What is the equation, in standard form, of a parabola that contains the following points?
(-2,-20) (0,-4) (4,-20)
To find the equation of a parabola, we can use the vertex form of a parabola equation, which is given by:
y = a(x - h)^2 + k
where (h, k) represents the vertex of the parabola. To find the values of a, h, and k, we can use the given points (-2, -20) and (0, -4).
Using the point (-2, -20):
-20 = a(-2 - h)^2 + k
And using the point (0, -4):
-4 = a(0 - h)^2 + k
Simplifying the equations:
-20 = a(4 + 4h + h^2) + k
-4 = ah^2 + k
We now have a system of linear equations:
-20 = 4a + 4ah + ah^2 + k
-4 = ah^2 + k
Subtracting the second equation from the first equation:
-20 + 4 = 4a + 4ah + ah^2 + k - ah^2 - k
-16 = 4a + 4ah
-4 = a + ah
Factoring out a:
-4 = a(1 + h)
Now, we can solve for a:
a = -4 / (1 + h)
Substituting this value of a back into one of the original equations (let's use the second equation):
-4 = ah^2 + k
-4 = (-4 / (1 + h))h^2 + k
Simplifying the equation:
-4 = (-4h^2) / (1 + h) + k
-4(1 + h) = -4h^2 + k(1 + h)
-4 - 4h = -4h^2 + k + kh
Simplifying further:
-4 - 4h = -4h^2 + kh + k
0 = -4h^2 + (k - 4h) + k + 4
0 = -4h^2 + (2k - 4h) + 4
Rearranging the equation:
4h^2 - 4h + (2k - 4) = 0
Now, let's use the point (4, -20) to solve for k:
-20 = a(4 - h)^2 + k
-20 = (-4 / (1 + h))(4 - h)^2 + k
Simplifying the equation:
-20 = (-4h^2 + 16h - 16) / (1 + h) + k
-20(1 + h) = -4h^2 + 16h - 16 + k(1 + h)
-20 - 20h = -4h^2 + (16 + k - 4h) + h(k + 1)
Simplifying further:
-20 - 20h = -4h^2 + (h + 16 + k - 4h) + h(k + 1)
-20h = -4h^2 + (1 - 3h + k)
Rearranging the equation:
4h^2 - 20h + (3h - 1 + k) = 0
Now, we have another equation:
4h^2 - 20h + (3h - 1 + k) = 0
Comparing this equation with the previous equation (4h^2 - 4h + (2k - 4) = 0), we can equate the corresponding coefficients:
3h - 1 + k = 2k - 4
Simplifying:
3h - 1 = k - 4
Rearranging the equation:
3h - k = -3
Now we have a system of linear equations:
4h^2 - 4h + (2k - 4) = 0
3h - k = -3
We can now solve this system of linear equations to find the values of h and k.

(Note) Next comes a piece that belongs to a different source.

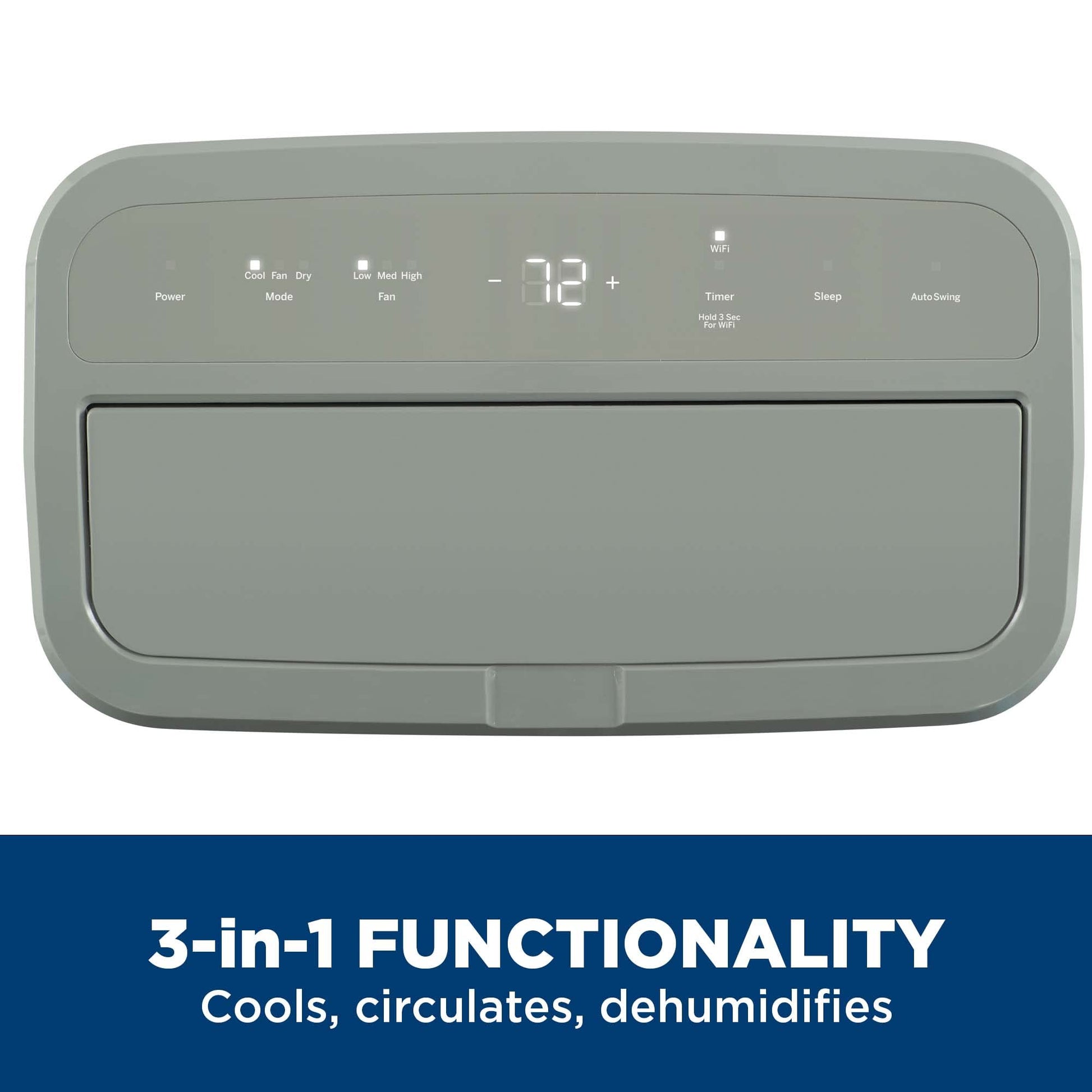 A: This 7,500 BTU portable air conditioner features built-in WiFi for smart control, a dehumidifier function, a remote control, and easy mobility for versatile cooling.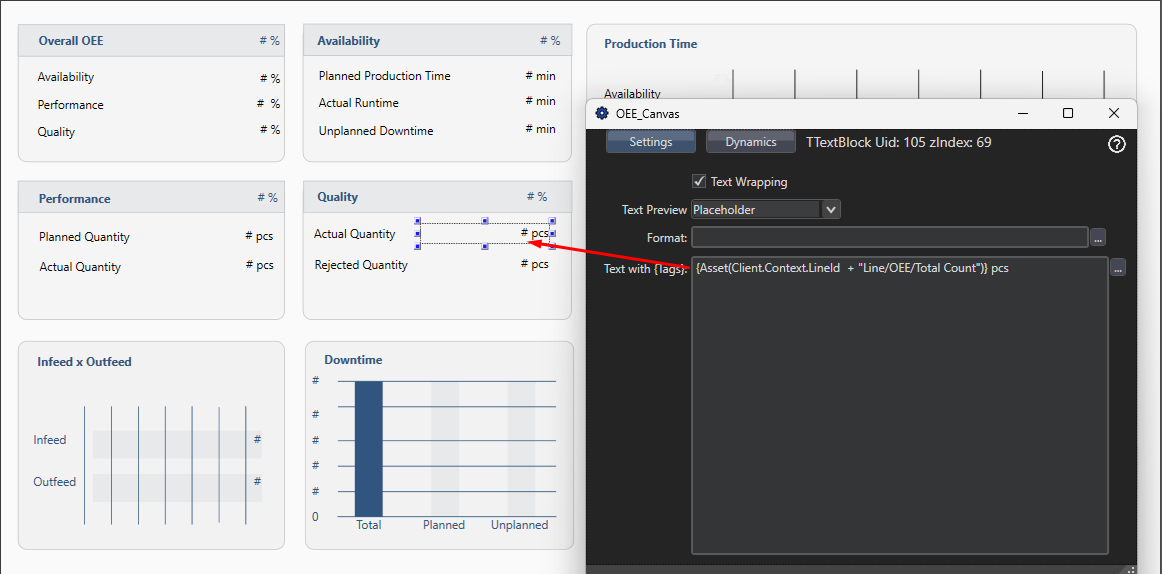 Example: {Asset(Client.Context.LineId + "Line/OEE/Total Count")} pcs

Solving the second equation for k:
k = 3h + 3
Substituting this value of k into the first equation:
4h^2 - 4h + 2(3h + 3) - 4 = 0
4h^2 - 4h + 6h + 6 - 4 = 0
4h^2 + 2h + 2 = 0
We can now use the quadratic formula to solve for h:
h = (-b ± √(b^2 - 4ac)) / (2a)
h = (-2 ± √(2^2 - 4*4*2)) / (2*4)
h = (-2 ± √(4 - 32)) / 8
h = (-2 ± √(-28)) / 8
Since the square root of a negative number is not real, there are no real solutions for h. This means that the given points (-2, -20), (0, -4), and (4, -20) do not form a parabola.